Each input record can be thought of as consisting of three parts: leading carriage control, data, and trailing carriage control. Taken together, these three parts are called the composite data record.

Leading and trailing carriage control are determined by the type of carriage control used in the file and explicit carriage-control information returned with each record. For embedded carriage control, however, leading and trailing carriage control is always null.

The type of carriage control returned by the main input routine on the PSM$K_OPEN request code determines, for that invocation of the input routine, how the symbiont applies carriage control to each record that the main input routine returns on the PSM$K_READ request code.

Note that, for all four carriage control types, the first character returned on the first PSM$K_READ call to an input routine receives special processing. If that character is a line feed or a form feed and if the symbiont is currently at line 1, column 1 of the current page, then the symbiont discards that line feed or form feed.

The Four Types of Carriage Control

The following table briefly describes each type of carriage control and how the symbiont's main input routine processes it. For a detailed explanation of each type of carriage control, refer to the description of the FAB$B_RAT field of the FAB block in the OpenVMS Record Management Services Reference Manual.

Type of Carriage Control	Symbiont Processing
Embedded	Leading and trailing carriage control are embedded in the data portion of the input record. Therefore, the symbiont supplies no special carriage control processing; it assumes that leading and trailing carriage control are null.
Fortran	The first byte of each data record contains a Fortran carriage-control character. This character specifies both the leading and trailing carriage control for the data record. The symbiont extracts the first byte of each data record and interprets that byte as a Fortran carriage-control character. If the data record is empty, the symbiont generates a leading carriage control of line feed and a trailing carriage control of carriage return.
PRN	Each data record contains a 2-byte header that contains the carriage-control specifier. The first byte specifies the carriage control to apply before printing the data portion of the record. The second byte specifies the carriage control to apply after printing the data portion. The abbreviation PRN stands for print-file format. Unlike other types of carriage control, PRN carriage control information is returned through the funcarg argument of the main input routine; this occurs with the PSM$K_READ request.
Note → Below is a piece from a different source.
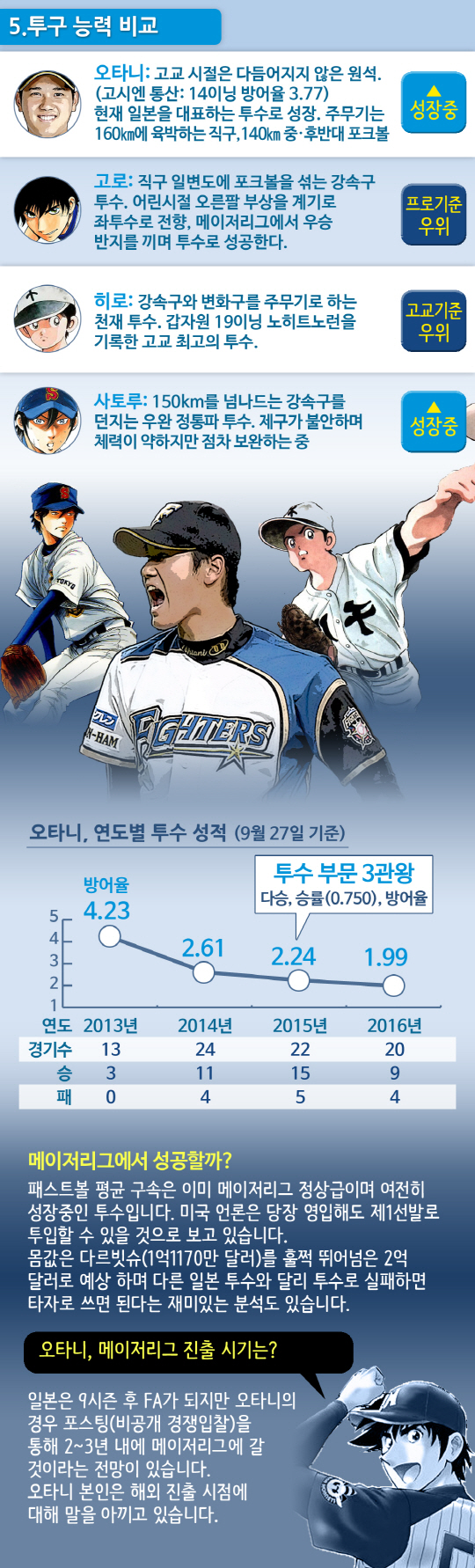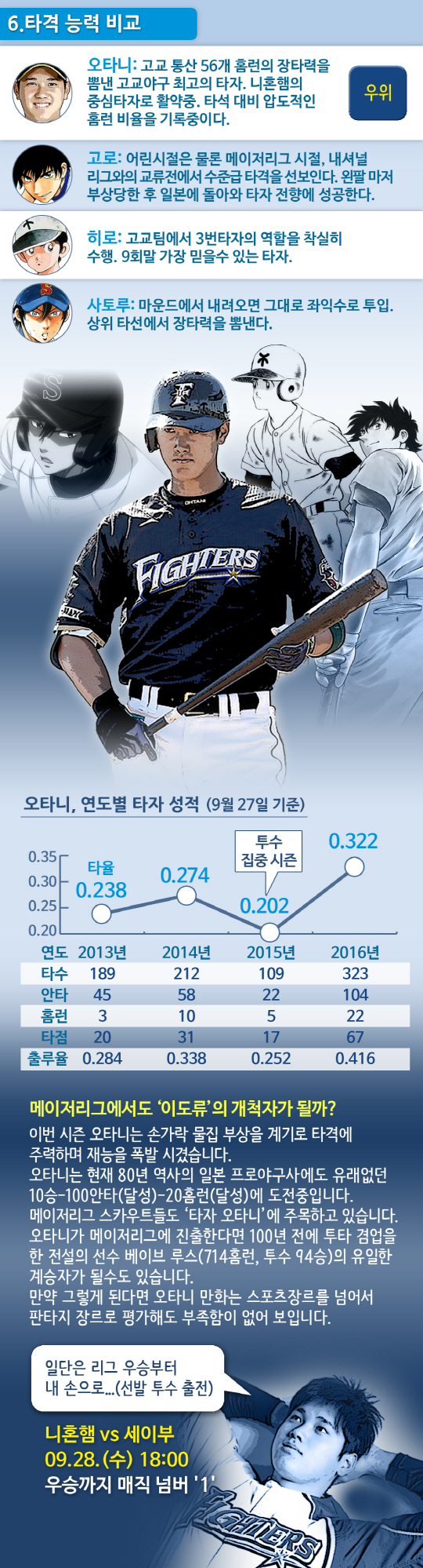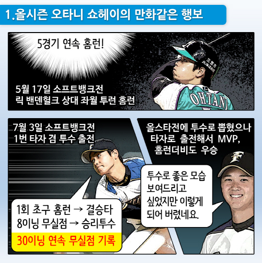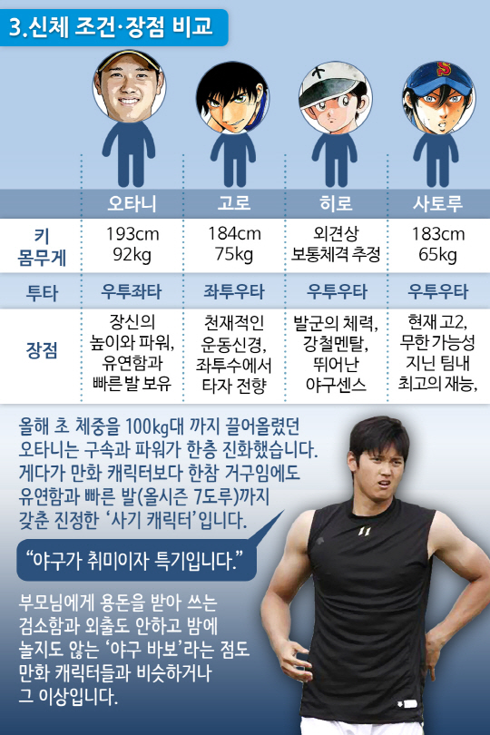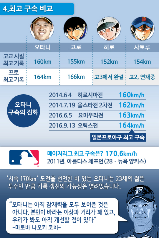 올 시즌 투 타를 겸업하며 최고의 성과를 거두고 있는 일본프로야구의 오타니 쇼헤이(22·니혼햄 파이터스)에게 지겨울 정도로 자주 붙는 수식어가 있습니다. 만화 같은 성적, 만화에서 튀어나온 야구천재, 만화 주인공, 만화 캐릭터 등의 '만화' 관련 수식어입니다. 오타니는 정말로 만화에 등장하는 투 타 만능 캐릭터 못지 않은 능력을 보여주고 있는 걸까요. 아니면 그 이상일까요.

The funcarg argument specifies a longword; your routine writes the 2-byte PRN carriage control specifier into the first two bytes of this longword.
Implied	The symbiont provides a leading line feed and a trailing carriage return. But if the data record consists of a single form feed, the symbiont sets to null the leading and trailing carriage control for that record, and the leading carriage control for the record that follows it.

18.3.3 Writing a Format Routine

To write a format routine, follow the modification procedure described in Section 18.3. Do not replace the symbiont's main format routine. Instead, modify its action by writing input and output filter routines. These execute immediately before and after the main format routine, respectively. The main formatting routine uses an undocumented and nonpublic interface; you cannot replace the main formatting routine. The DCL command PRINT/PASSALL bypasses the main format routine of the print symbiont.

See Section 18.3.5 for additional information about other function codes used in the user-written formatting routine.

18.3.3.1 Internal Logic of the Symbiont's Main Format Routine

The main format routine contains all the logic necessary to convert composite data records to a data stream for output. Actions taken by the format routine include the following:

• Tracking the current column and line
• Implementing the special processing of the first character of the first record
• Implementing the alignment data mask specified by the DCL command START/QUEUE/ALIGN=MASK
• Handling margins as specified by the forms definition
• Initiating processing of page headers when specified by the DCL command PRINT/HEADER
• Expanding leading and trailing carriage control
• Handling line overflow
• Handling page overflow
• Expanding tab characters to spaces for some devices
• Handling escape sequences
• Accumulating accounting information
• Implementing double-spacing when specified by the DCL command PRINT/SPACE
• Implementing automatic page ejection when specified by the DCL command PRINT/FEED

The symbiont's main format routine uses a special rule when processing the first character of the first composite data record returned by an input routine. (A composite data record is the input data record and a longword that contains carriage-control information for the input data record.) This rule is that if the first character is a vertical format effector (form feed or line feed) and if the symbiont has processed no printable characters on the current page (that is, the current position is column 1, line 1), then that vertical format effector is discarded.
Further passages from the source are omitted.